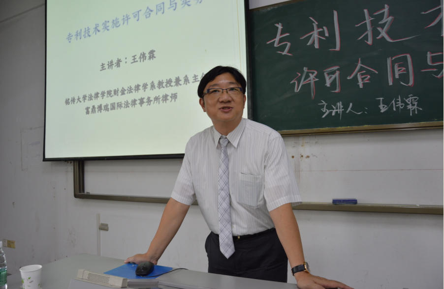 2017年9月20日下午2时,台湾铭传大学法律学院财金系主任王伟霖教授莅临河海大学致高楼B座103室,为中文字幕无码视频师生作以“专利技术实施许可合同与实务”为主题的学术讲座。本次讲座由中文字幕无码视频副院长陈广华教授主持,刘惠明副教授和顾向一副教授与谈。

--

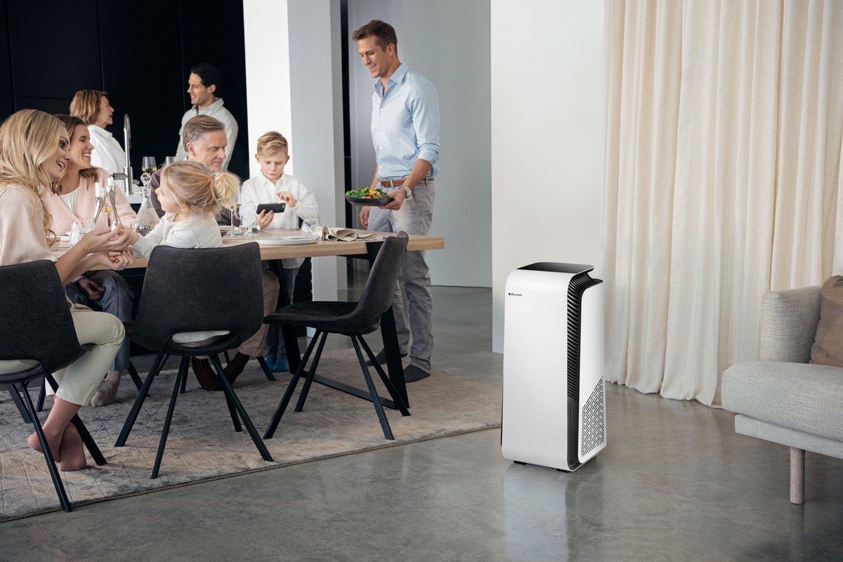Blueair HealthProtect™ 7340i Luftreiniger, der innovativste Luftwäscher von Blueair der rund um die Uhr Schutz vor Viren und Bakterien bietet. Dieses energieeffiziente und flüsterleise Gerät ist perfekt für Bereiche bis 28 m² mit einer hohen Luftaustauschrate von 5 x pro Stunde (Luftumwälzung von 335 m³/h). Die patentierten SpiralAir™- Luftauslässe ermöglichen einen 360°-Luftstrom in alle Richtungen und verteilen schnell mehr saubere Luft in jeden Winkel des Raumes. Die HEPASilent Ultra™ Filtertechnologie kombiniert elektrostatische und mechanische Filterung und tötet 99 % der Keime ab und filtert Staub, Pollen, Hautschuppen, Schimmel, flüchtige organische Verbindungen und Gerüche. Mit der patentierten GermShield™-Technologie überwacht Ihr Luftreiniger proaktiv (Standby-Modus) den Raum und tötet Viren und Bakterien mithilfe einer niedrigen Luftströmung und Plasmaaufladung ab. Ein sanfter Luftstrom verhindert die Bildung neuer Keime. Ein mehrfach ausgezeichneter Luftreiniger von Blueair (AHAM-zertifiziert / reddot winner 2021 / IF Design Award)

...

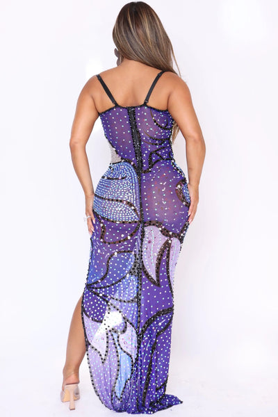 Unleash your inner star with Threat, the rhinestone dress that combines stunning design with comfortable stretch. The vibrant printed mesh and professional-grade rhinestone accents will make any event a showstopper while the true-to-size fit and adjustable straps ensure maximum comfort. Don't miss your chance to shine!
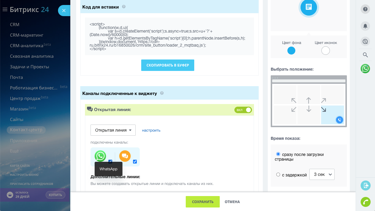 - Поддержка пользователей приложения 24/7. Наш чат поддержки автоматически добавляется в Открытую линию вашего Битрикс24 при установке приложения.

■ GOAL OF THE EXERCISE
I would like the exact lines from the data above, starting with the one that holds "Unleash your inner" and going on through the one that holds "- Поддержка пользователей", without the pictures.

■ SOLVED EXERCISE
 Unleash your inner star with Threat, the rhinestone dress that combines stunning design with comfortable stretch. The vibrant printed mesh and professional-grade rhinestone accents will make any event a showstopper while the true-to-size fit and adjustable straps ensure maximum comfort. Don't miss your chance to shine!
 - Поддержка пользователей приложения 24/7. Наш чат поддержки автоматически добавляется в Открытую линию вашего Битрикс24 при установке приложения.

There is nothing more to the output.